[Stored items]
"""

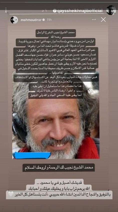 وفي الختام، أشار محمود نصر إلى محاولاته بعدم الاستسهال في تجاربه وأدواره، قائلا: "هي محاولات جادة لتجارب بعيدة كل البعد عن الاستسهال أو الاستخفاف بالتعامل مع أي تجربة كانت، هذا ما تعلمته وهذا ما سأحاول أن أبقى عليه"، خاتما رسالته بالقول: "وأخيرًا، إرضاء الناس غاية لا تدرك، إنما يبقى علينا السعي الجاد والله ولي التوفيق، محمد الشيخ نجيب لك الرحمة ولروحك السلام".
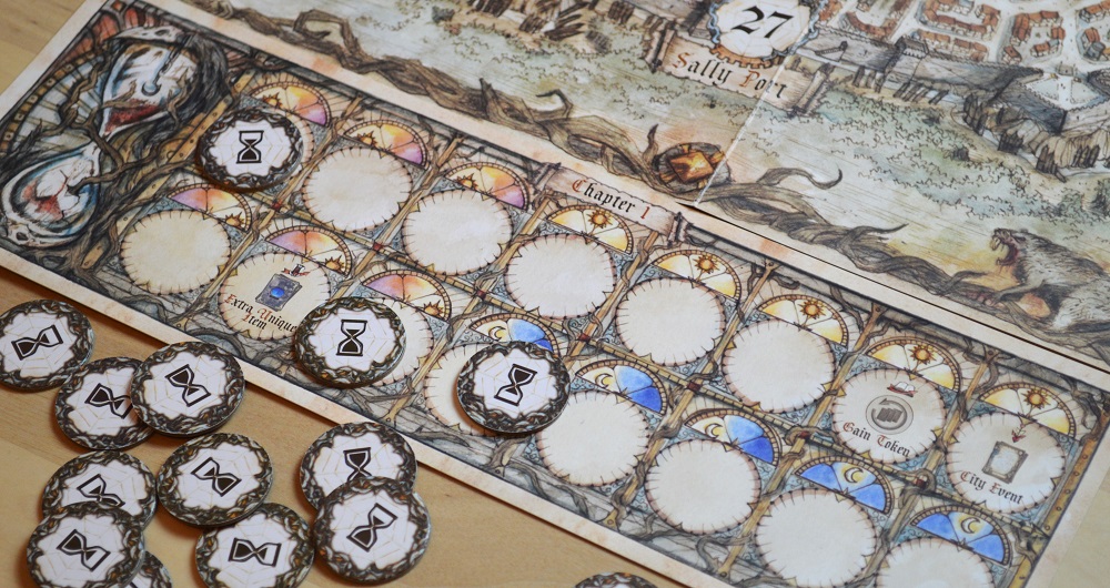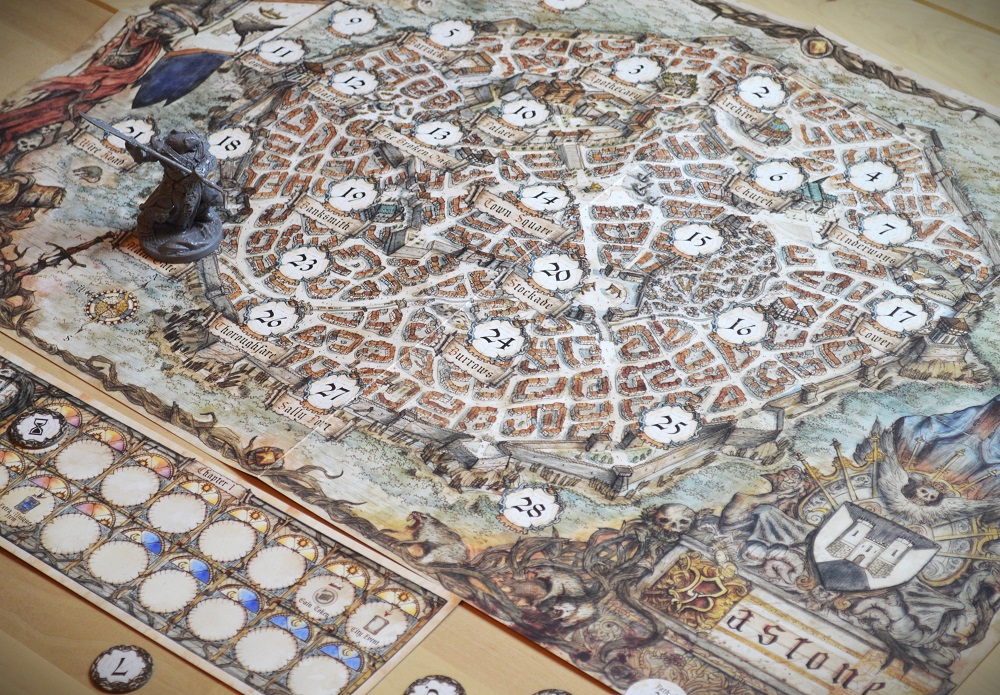 Сценарий чётко поделён на 2 части: фаза истории и фаза сражения. Для первой нужны лишь планшеты героев, карты событий, горстка жетонов и схематичная карта города, усыпанная различными локациями.
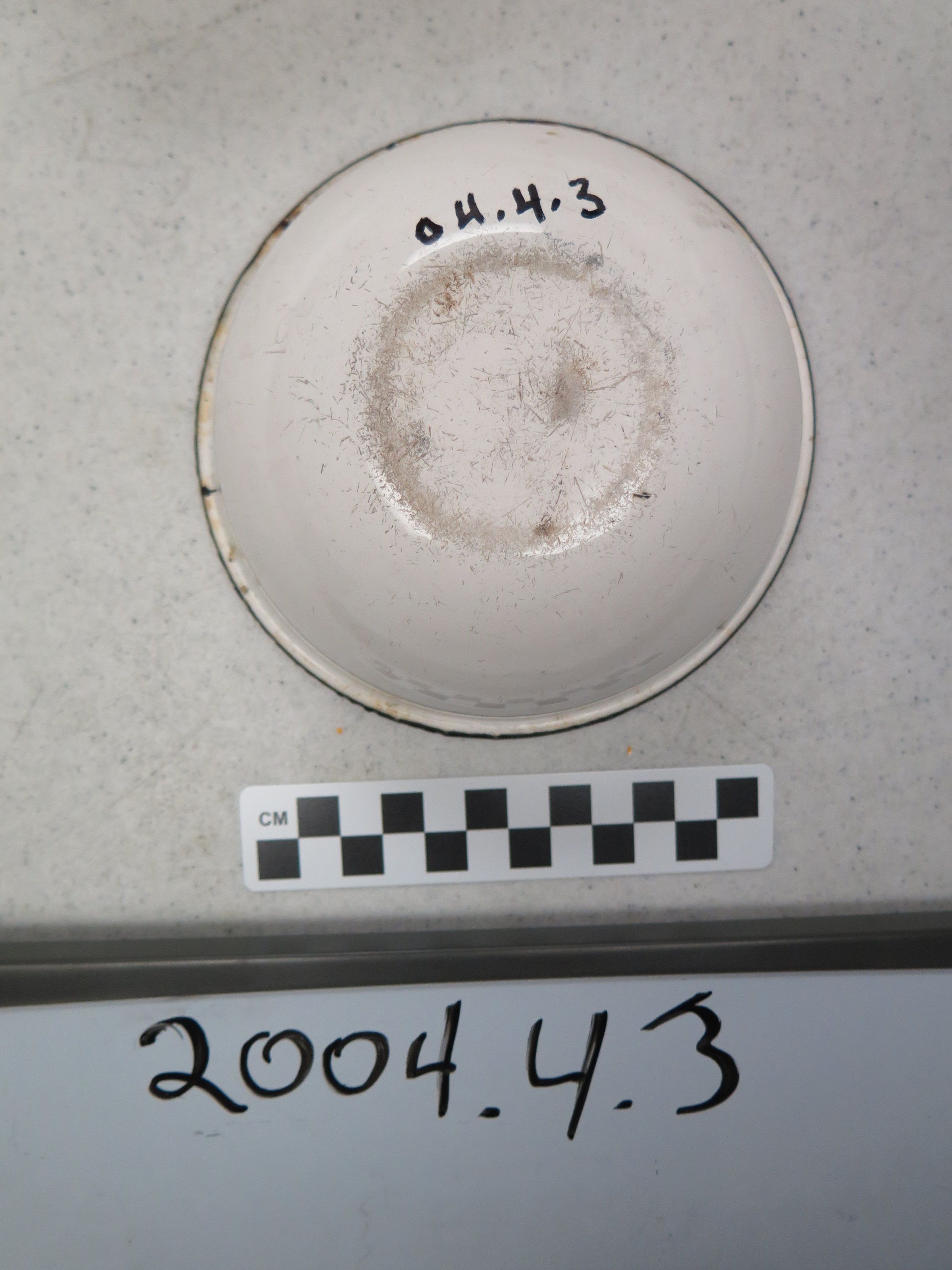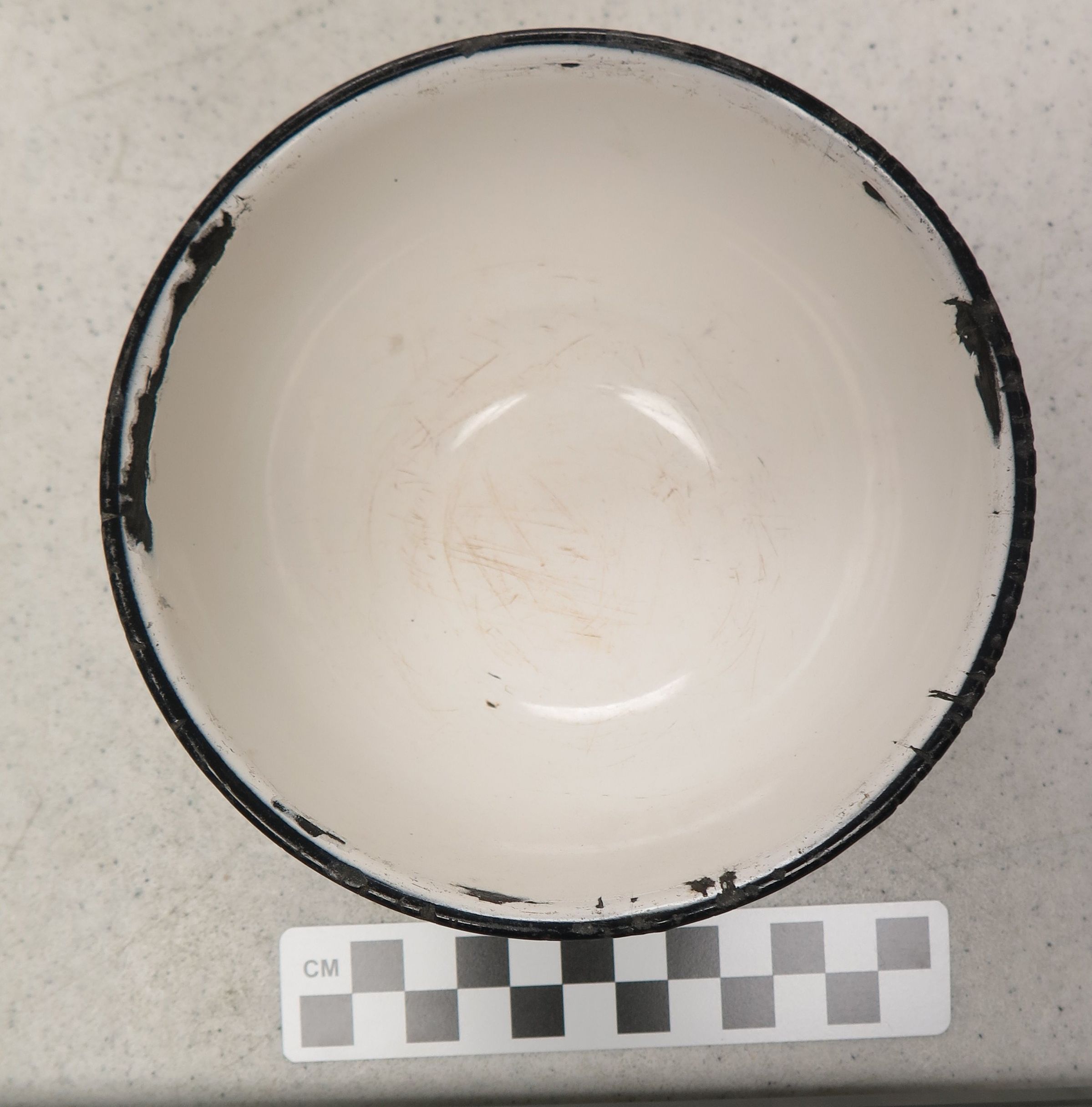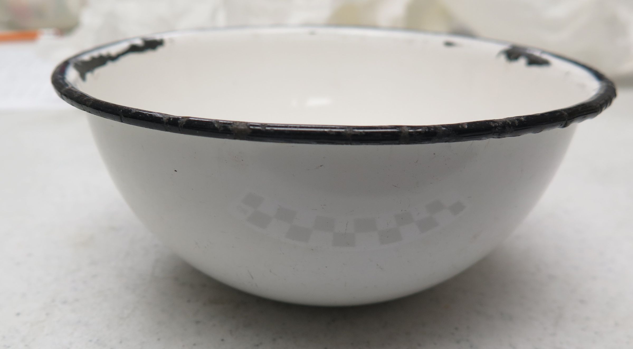 This is a white porcelain or enamel on metal bowl 2.25"(H) x 5.5"(Dia).
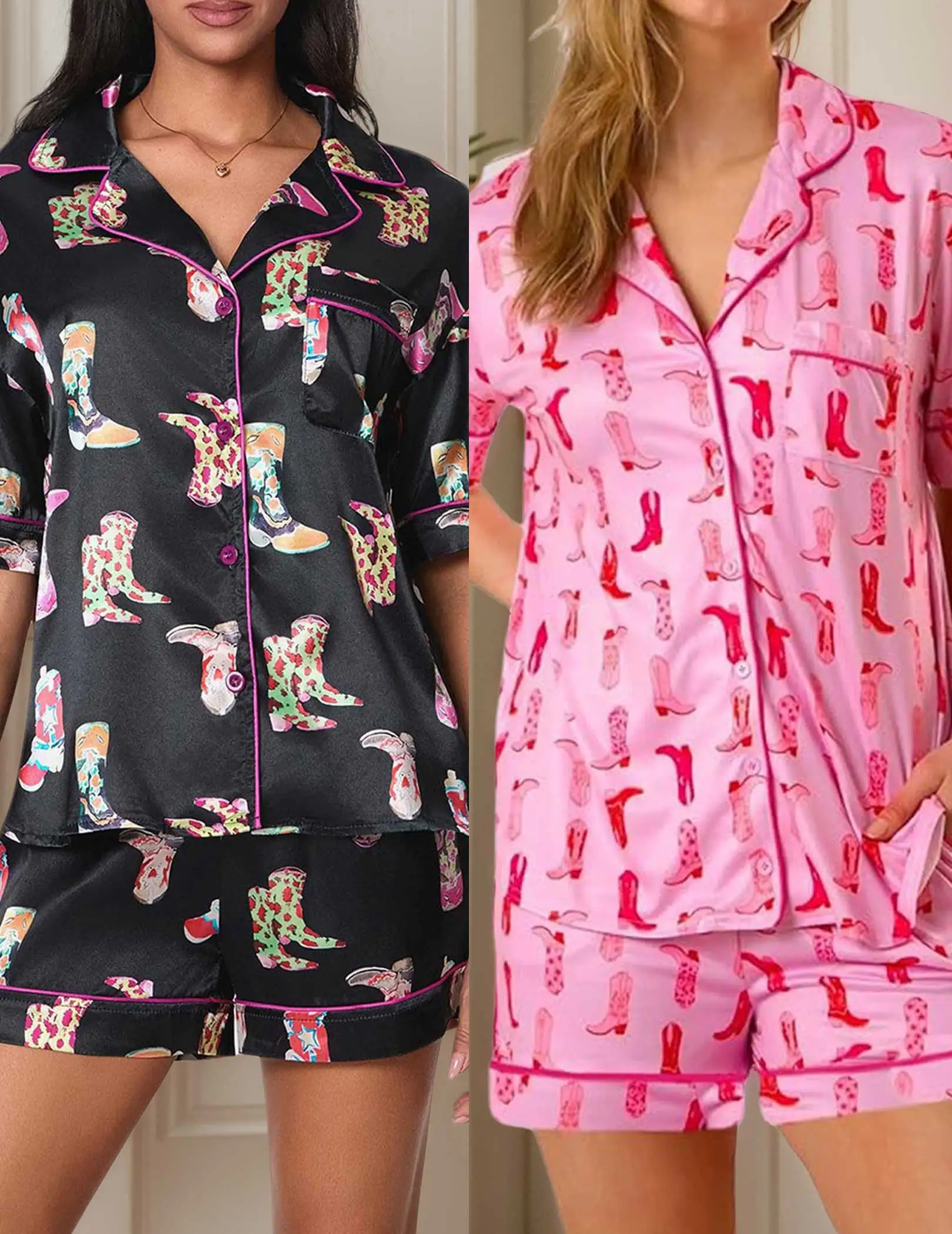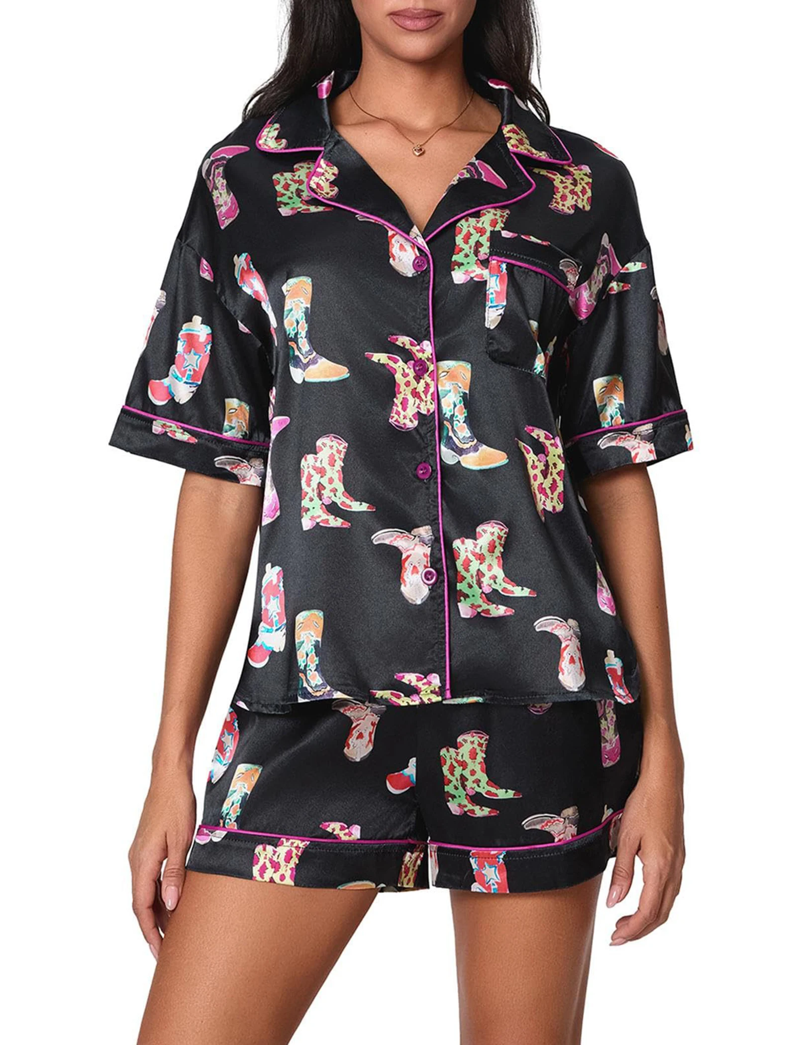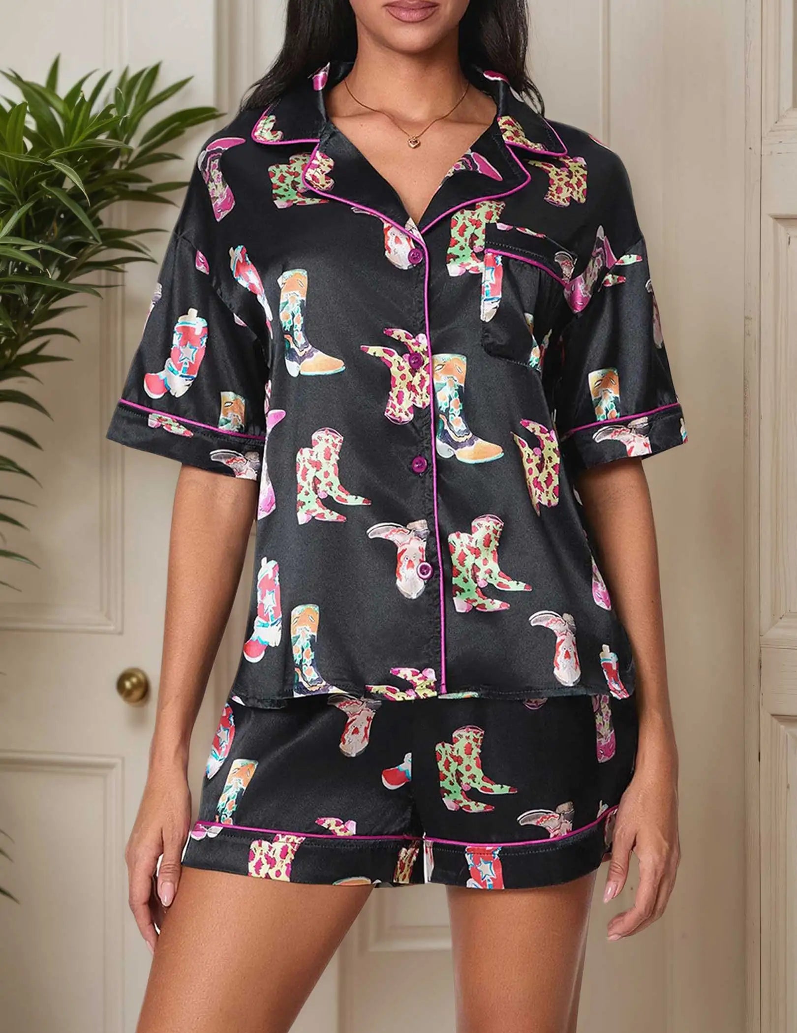 Women 2 Piece Boots Graphic Pajama Set Pocket Patched Button Down Shirt with Shorts Satin Sleepwear
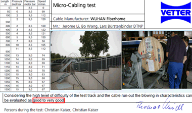 烽火科技新開發(fā)出的96芯氣吹微纜的外徑僅為6.0mm。微纜的氣吹性能得到國外專業(yè)的氣吹測試機構(gòu)VETTER的認(rèn)證,具有氣吹效果優(yōu)良,氣吹距離一次可達1.5公里以上,平均速度可達80m/min。

"""

#### DESCRIPTION OF THE TASK
All of the data above should be printed again exactly, though none of the pictures belong in the copy.

#### EXPECTED ANSWER
 وفي الختام، أشار محمود نصر إلى محاولاته بعدم الاستسهال في تجاربه وأدواره، قائلا: "هي محاولات جادة لتجارب بعيدة كل البعد عن الاستسهال أو الاستخفاف بالتعامل مع أي تجربة كانت، هذا ما تعلمته وهذا ما سأحاول أن أبقى عليه"، خاتما رسالته بالقول: "وأخيرًا، إرضاء الناس غاية لا تدرك، إنما يبقى علينا السعي الجاد والله ولي التوفيق، محمد الشيخ نجيب لك الرحمة ولروحك السلام".
 Сценарий чётко поделён на 2 части: фаза истории и фаза сражения. Для первой нужны лишь планшеты героев, карты событий, горстка жетонов и схематичная карта города, усыпанная различными локациями.
 This is a white porcelain or enamel on metal bowl 2.25"(H) x 5.5"(Dia).
 Women 2 Piece Boots Graphic Pajama Set Pocket Patched Button Down Shirt with Shorts Satin Sleepwear
 烽火科技新開發(fā)出的96芯氣吹微纜的外徑僅為6.0mm。微纜的氣吹性能得到國外專業(yè)的氣吹測試機構(gòu)VETTER的認(rèn)證,具有氣吹效果優(yōu)良,氣吹距離一次可達1.5公里以上,平均速度可達80m/min。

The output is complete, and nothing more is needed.